ECOC 2012, held at the RAI Congress Centre in Amsterdam September 16–20, featured the optical communication industry delivering 100G today, but it also offered a glimpse of how researchers are developing next-generation solutions.
The industry anticipates continued bandwidth growth and hence the need for even lower-cost optical transmission. Consensus is forming that 400G is the next transmission rate, and the market is also coalescing around flexible grid and super-channels. Two NeoPhotonics announcements struck me because they addressed immediate problems.
First, the company introduced a mode-coupled receiver that lowers initial PON cost by increasing the number of connections per OLT from 32 to 128. Second, NeoPhotonics said it will offer its 10×10 transceiver in a CFP2 form factor.
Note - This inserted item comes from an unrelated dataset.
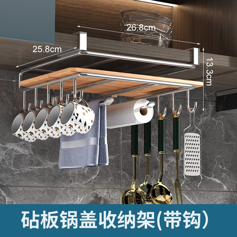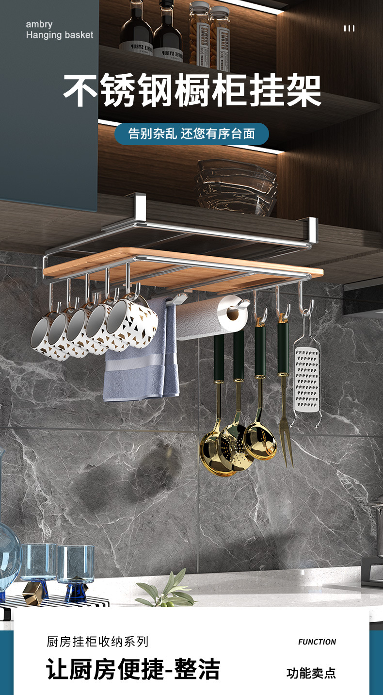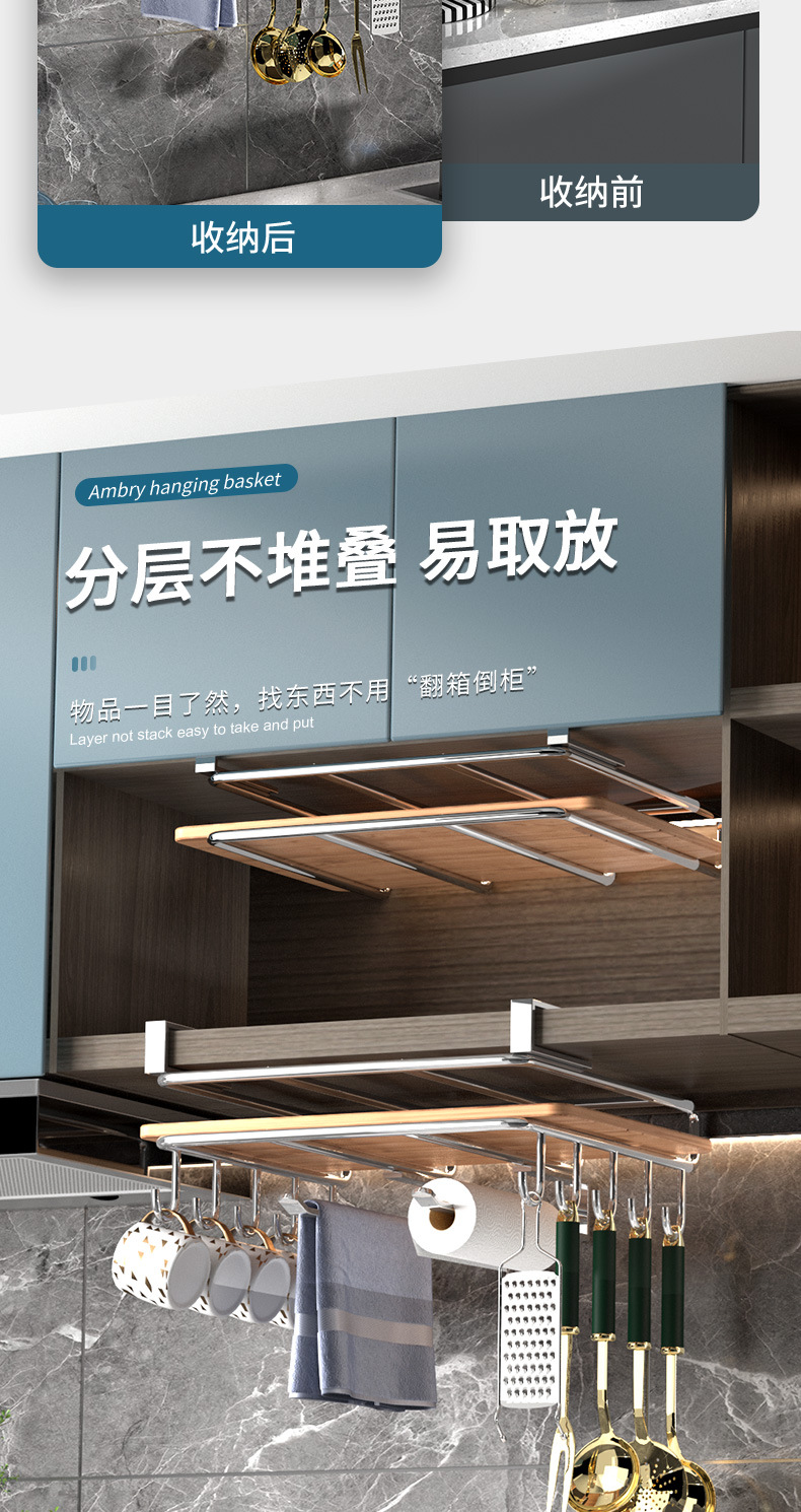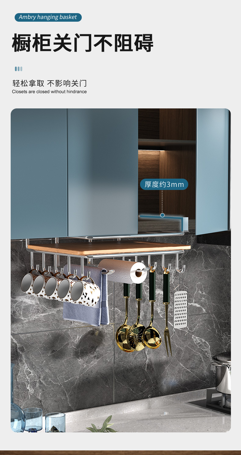 1架N用,超全能 上層穩放菜板/砧板,告別檯面堆積。 下掛鉤隨心掛:杯子、毛巾、鍋鏟、紙巾…廚具「各就各位」。 連保鮮膜、擦絲器都能掛,小物件秒歸位~ 免打孔·穩如泰山; 卡扣式安裝在櫥櫃下,不用鑽牆、不傷櫃體,女生也能3分鐘搞定!承重超穩,掛滿重物也不晃

While the 10×10 solution is seen as a stopgap measure, it supports distances not included in existing standards and is sorely needed today for connectivity in data centers and central offices.
Lowering the initial costs of PON installations
NeoPhotonics announced a new GPON OLT transceiver that lowers the initial PON cost. The transceiver supports four OLTs where each can have up to 32 connections. The cost decreases because the splitting ratio increases: one OLT transceiver is used for 128 connections compared to the initial design of 32 connections per transceiver.
Bandwidth performance is not compromised in this implementation because initial PON turn-up typically has far fewer subscribers than 32. NeoPhotonics’ GPON OLT is equipped with a higher power downstream laser that is shared with all PONs. For upstream traffic it introduced a multi-port mode-coupling receiver so the four PONs are connected to a single receiver.